Cannes 2023 review: État Limite (Nicolas Peduzzi)

“The harsh reality displayed in État limite is that there is nearly no one left to provide care.”

Since 2023 started, French cinema has settled in hospital wings around Paris. After Claire Simon’s Our Body and Nicolas Philibert’s Sur l’Adamant, which both screened in Berlin, Nicolas Peduzzi’s new documentary État limite (On the Edge) in the Cannes sidebar section ‘l’ACID’ (which Peduzzi was already a part of two years ago with Ghost Song) is the latest film to show how people are received, treated and (possibly) cured in those places. This focus on the healthcare system can be the expression of an underlying concern about the current state of French society, in need of care. The harsh reality displayed in État limite is that there is nearly no one left to provide this care – the main character, Jamal Abdel Kader, stands as the only graduate psychiatrist for an entire hospital.

Emblematically, the film opens with his character’s absence. He is nowhere to be found when needed for an emergency, because he is withheld by another situation. Once he appears, the camera operator has to run in his wake so as to keep up with his pace for the remainder of the movie. Jamal rushes from one case to another, but when in the presence of a fellow human being in pain, he is ready to take all the time in the world in order to, in his own words, “create a non-toxic environment” where that person could start to get better. By doing so, Jamal places himself in conflict with the ongoing general politics, which aim for a medical system every day more cost-effective. He does so knowingly; moreover, he sees no problem in discussing it openly with his fellow workers and with Peduzzi himself.

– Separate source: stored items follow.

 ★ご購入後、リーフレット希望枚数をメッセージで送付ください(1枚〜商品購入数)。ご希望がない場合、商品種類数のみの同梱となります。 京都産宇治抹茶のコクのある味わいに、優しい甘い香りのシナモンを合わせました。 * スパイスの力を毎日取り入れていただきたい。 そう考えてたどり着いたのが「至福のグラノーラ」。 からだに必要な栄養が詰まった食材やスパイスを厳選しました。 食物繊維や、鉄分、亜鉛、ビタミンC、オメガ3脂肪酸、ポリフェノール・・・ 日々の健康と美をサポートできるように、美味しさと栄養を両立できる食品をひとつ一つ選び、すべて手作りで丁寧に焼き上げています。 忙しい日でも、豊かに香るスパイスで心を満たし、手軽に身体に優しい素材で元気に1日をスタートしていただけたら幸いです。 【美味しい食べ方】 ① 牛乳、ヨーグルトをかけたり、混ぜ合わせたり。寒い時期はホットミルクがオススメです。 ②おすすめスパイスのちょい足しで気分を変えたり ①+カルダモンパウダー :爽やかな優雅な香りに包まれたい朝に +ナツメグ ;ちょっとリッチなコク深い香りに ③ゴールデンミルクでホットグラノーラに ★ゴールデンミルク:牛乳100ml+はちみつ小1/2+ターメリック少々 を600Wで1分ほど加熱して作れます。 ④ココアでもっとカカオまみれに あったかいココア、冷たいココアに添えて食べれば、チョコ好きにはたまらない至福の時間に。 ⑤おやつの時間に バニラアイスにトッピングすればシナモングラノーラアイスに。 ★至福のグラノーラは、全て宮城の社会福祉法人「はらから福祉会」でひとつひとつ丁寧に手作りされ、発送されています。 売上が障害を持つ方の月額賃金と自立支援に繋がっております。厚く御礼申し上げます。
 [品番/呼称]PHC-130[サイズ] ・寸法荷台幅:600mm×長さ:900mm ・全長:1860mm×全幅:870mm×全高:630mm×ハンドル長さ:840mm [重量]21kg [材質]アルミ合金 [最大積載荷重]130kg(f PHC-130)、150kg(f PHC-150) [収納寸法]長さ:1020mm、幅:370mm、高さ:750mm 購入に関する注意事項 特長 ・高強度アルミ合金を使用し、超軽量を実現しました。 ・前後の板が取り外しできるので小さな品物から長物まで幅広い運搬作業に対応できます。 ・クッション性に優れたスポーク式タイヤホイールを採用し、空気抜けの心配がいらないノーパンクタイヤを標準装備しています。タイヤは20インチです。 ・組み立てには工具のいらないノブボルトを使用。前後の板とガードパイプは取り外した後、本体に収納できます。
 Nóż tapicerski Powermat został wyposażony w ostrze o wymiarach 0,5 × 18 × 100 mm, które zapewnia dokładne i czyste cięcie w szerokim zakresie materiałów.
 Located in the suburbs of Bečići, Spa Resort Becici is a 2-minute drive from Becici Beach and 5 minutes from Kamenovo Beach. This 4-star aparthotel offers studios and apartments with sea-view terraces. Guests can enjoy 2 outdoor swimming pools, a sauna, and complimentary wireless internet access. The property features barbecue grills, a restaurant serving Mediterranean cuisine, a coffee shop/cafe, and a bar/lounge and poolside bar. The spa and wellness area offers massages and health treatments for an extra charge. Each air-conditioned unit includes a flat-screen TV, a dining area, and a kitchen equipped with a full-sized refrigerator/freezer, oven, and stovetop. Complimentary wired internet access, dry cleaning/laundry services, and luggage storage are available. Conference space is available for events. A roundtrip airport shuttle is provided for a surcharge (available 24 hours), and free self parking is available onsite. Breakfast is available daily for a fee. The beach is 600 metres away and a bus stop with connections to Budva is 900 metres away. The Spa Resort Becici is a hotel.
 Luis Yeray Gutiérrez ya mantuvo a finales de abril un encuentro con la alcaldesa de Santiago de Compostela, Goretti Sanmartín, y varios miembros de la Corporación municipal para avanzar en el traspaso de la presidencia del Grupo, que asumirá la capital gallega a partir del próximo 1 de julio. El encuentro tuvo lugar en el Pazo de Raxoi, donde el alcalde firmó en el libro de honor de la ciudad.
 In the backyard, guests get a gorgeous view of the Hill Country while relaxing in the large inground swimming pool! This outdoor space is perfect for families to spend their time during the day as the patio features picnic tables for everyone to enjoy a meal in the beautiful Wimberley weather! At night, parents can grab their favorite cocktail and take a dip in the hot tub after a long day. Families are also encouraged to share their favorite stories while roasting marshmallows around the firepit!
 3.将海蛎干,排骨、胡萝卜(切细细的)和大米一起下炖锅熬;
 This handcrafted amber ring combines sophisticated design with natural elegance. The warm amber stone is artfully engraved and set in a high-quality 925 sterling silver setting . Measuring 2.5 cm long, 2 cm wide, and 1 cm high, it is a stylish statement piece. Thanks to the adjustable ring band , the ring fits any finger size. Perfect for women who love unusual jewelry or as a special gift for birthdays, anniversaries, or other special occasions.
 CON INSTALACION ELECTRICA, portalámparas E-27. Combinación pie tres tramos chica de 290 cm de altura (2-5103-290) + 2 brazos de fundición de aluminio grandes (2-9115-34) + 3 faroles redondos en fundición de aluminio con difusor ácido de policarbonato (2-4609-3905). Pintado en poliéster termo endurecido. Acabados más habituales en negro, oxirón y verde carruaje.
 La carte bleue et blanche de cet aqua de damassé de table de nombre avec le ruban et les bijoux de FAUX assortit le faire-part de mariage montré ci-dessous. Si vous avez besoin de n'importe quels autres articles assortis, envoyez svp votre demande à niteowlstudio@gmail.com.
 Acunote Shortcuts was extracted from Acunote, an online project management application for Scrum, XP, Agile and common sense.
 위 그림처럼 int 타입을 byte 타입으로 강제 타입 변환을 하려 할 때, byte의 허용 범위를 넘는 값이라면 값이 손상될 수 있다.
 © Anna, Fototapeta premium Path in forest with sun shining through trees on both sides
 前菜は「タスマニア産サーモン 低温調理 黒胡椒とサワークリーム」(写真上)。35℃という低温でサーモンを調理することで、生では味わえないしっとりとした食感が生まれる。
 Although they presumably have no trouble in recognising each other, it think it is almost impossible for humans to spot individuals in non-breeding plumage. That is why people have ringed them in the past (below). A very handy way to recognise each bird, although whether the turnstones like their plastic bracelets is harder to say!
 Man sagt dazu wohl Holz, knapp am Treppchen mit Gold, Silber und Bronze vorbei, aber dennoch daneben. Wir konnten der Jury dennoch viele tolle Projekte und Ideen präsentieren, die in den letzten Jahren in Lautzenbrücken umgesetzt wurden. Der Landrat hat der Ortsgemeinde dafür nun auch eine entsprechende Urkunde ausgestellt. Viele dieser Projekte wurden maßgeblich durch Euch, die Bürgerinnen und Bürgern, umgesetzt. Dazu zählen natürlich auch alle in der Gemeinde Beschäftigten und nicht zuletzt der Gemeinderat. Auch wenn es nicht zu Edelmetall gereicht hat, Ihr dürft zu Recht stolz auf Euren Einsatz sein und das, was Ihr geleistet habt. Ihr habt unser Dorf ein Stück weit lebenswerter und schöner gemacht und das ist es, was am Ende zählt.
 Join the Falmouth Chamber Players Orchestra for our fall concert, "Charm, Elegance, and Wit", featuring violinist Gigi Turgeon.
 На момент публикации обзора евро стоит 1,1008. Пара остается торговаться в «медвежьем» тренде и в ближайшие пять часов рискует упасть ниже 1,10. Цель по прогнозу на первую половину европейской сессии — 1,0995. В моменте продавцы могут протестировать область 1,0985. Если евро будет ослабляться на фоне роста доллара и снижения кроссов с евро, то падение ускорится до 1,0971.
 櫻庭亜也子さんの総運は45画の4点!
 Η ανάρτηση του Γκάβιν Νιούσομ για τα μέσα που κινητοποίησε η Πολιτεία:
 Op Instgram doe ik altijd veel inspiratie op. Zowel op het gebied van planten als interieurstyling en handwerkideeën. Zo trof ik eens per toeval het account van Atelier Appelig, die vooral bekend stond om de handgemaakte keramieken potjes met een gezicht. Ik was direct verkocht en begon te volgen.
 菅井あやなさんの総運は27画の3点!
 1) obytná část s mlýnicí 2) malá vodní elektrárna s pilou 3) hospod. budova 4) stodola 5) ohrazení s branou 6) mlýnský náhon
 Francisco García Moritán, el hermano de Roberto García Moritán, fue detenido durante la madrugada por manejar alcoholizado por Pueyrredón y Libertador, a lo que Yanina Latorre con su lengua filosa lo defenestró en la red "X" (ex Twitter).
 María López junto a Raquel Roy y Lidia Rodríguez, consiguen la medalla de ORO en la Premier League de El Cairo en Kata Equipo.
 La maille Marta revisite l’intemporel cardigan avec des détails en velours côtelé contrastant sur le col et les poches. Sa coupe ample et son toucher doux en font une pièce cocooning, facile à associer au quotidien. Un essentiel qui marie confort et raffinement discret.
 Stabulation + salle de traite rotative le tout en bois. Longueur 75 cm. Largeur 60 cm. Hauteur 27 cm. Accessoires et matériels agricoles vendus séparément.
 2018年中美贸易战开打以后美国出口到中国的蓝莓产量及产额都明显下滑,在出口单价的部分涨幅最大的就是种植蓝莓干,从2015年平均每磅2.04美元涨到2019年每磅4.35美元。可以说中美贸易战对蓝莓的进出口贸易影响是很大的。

Jamal is an outstanding character for the movie, due to his ability to take a step back, reflect upon the struggle between his work ethics and his quickly degrading work conditions, and express his thoughts in a clear and sound way. Seeing him kindly interact with his patients, brought to him after a suicide attempt or by the police, is as awe-inspiring as it is to listen to him discourse about the current state of the healthcare system. His words as much as his actions become exhibits in his case against the dehumanization forced on us by the economic system – public hospitals being a severe case of something experienced in so many workplaces, customer services and civil services. We are reduced to predefined boxes and standard functionalities, and therefore we become interchangeable and expendable. As Jamal is told by the psychiatrist he turns to: the people in charge “do not care at all if the patients die, or even if you die”. Under these circumstances, where is the limit, what are the solutions? In a melodramatic work of fiction, it would have been a resignation, or even a suicide or a sudden burst of violence. In Peduzzi’s documentary film, it is nothing more than the long overdue end of a workday, and the not long enough pause before the next.